Your objective
Exclude all pictures, then write out exactly the lines below from the first one through the line with "أصدرت جمعية صيادي".

Saved data entries:
Start of Block

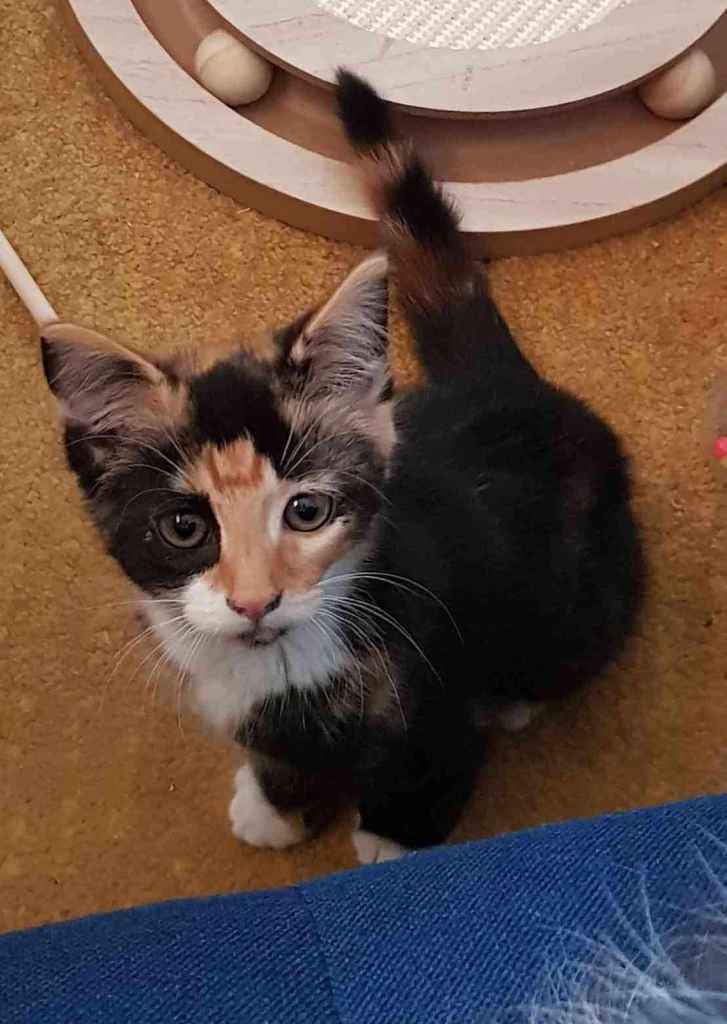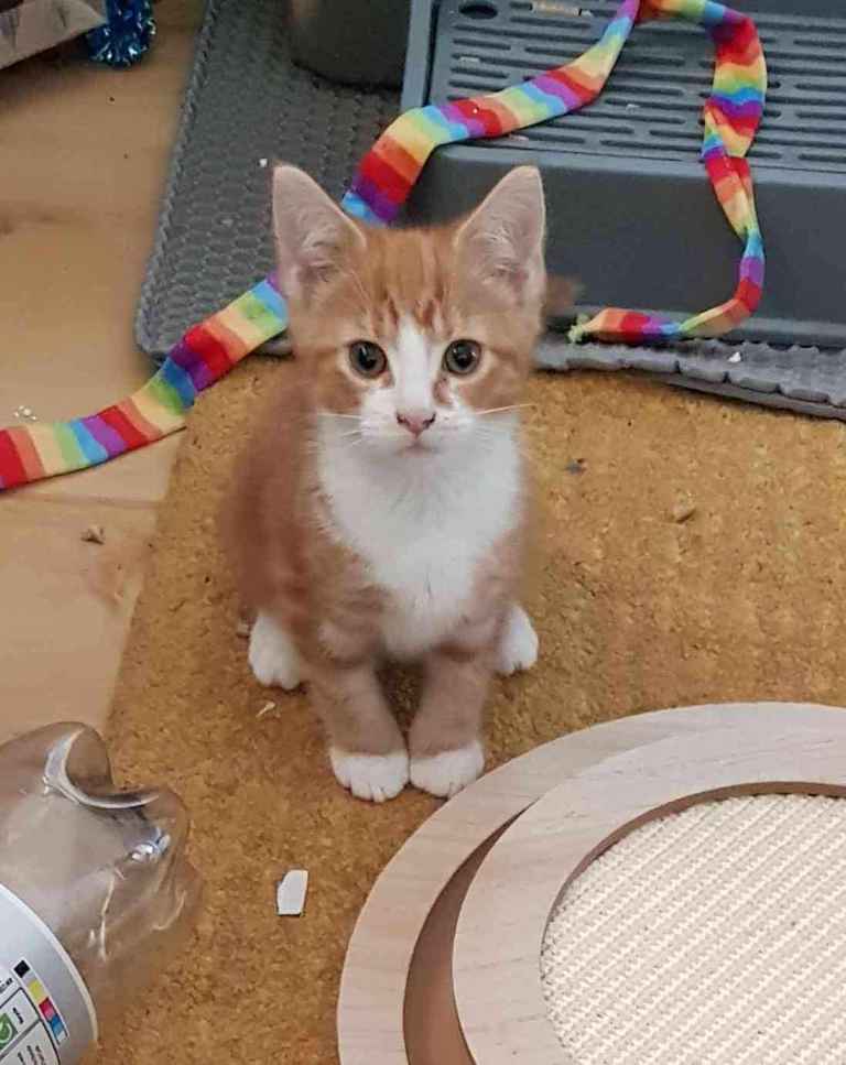 Will come with small kitten litter tray and a small bag of wood pellet litter, food, treats, and favourite toys (which at the moment is everything).
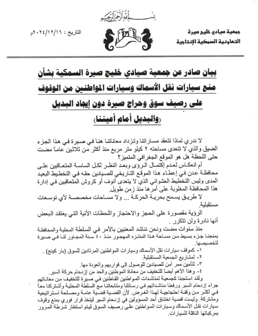 أصدرت جمعية صيادي خليج صيرة السمكية اليوم بيانا جديدا حول منع سيارات الصيد وسيارات المواطنين من الوقوف أمام سوق حرج الصيادين ..
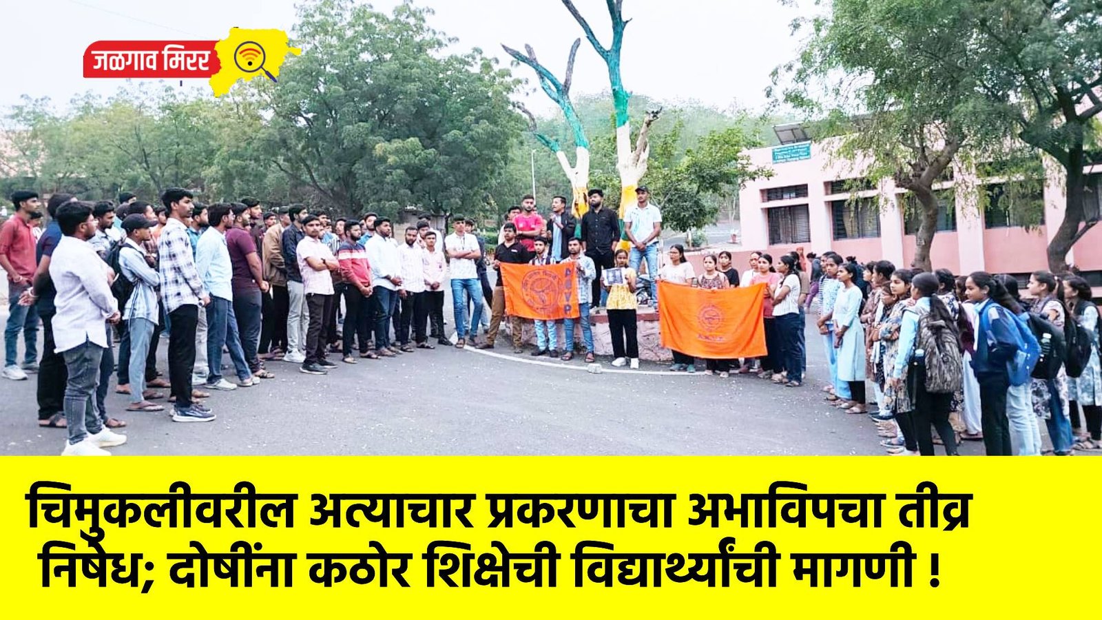मालेगाव येथे चिमुकलीवर झालेल्या अमानुष अत्याचारप्रकरणाने संतापाची लाट उसळली असून, या भीषण घटनेचा अखिल भारतीय विद्यार्थी परिषदेने (अभाविप) कवयित्री बहिणाबाई चौधरी उत्तर महाराष्ट्र विद्यापीठ, जळगाव येथे जोरदार निषेध नोंदवला. अभाविपच्या विद्यार्थी कार्यकर्त्यांसह विद्यापीठातील मोठ्या संख्येने विद्यार्थ्यांनी एकत्र येत या घृणास्पद कृत्याचा कठोर शब्दांत निषेध नोंदवत समाजात जागृतीचा संदेश दिला.
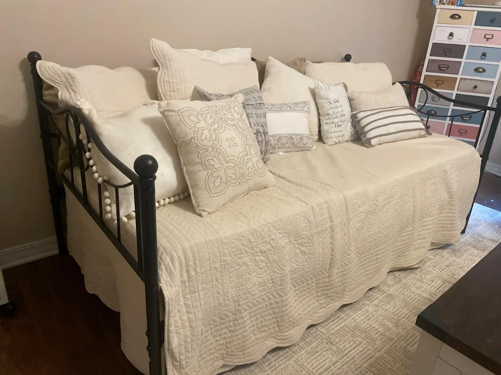 Garvee Twin Daybed with Trundle Bed,Metal Twin Day Bed Twin Size With Steel Slat Support, Sofa Bed for Living Room and Guest Room - White
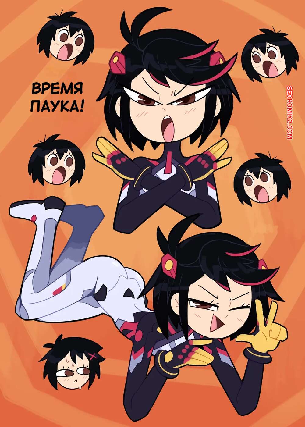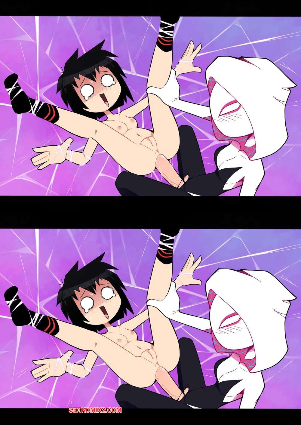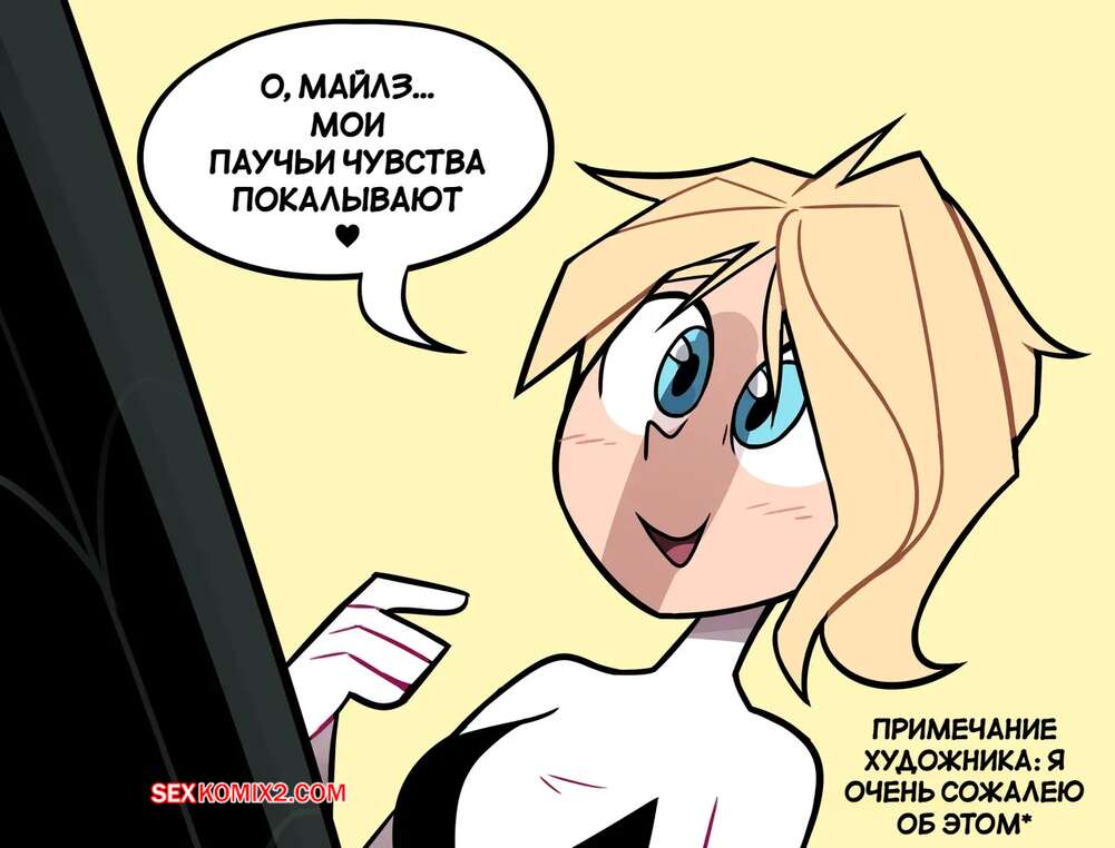 Порно комикс Человек паук. Кончать в паучьем мире. Cumming in the Spider Verse. Miscon. Юная брюнетка обожает трахаться. Она раздевается и соблазняет своих дружков шикарным телом, после чего раздигает ножки и дает им себя хорошенько выебать.

End of Block

Your response
 Will come with small kitten litter tray and a small bag of wood pellet litter, food, treats, and favourite toys (which at the moment is everything).
 أصدرت جمعية صيادي خليج صيرة السمكية اليوم بيانا جديدا حول منع سيارات الصيد وسيارات المواطنين من الوقوف أمام سوق حرج الصيادين ..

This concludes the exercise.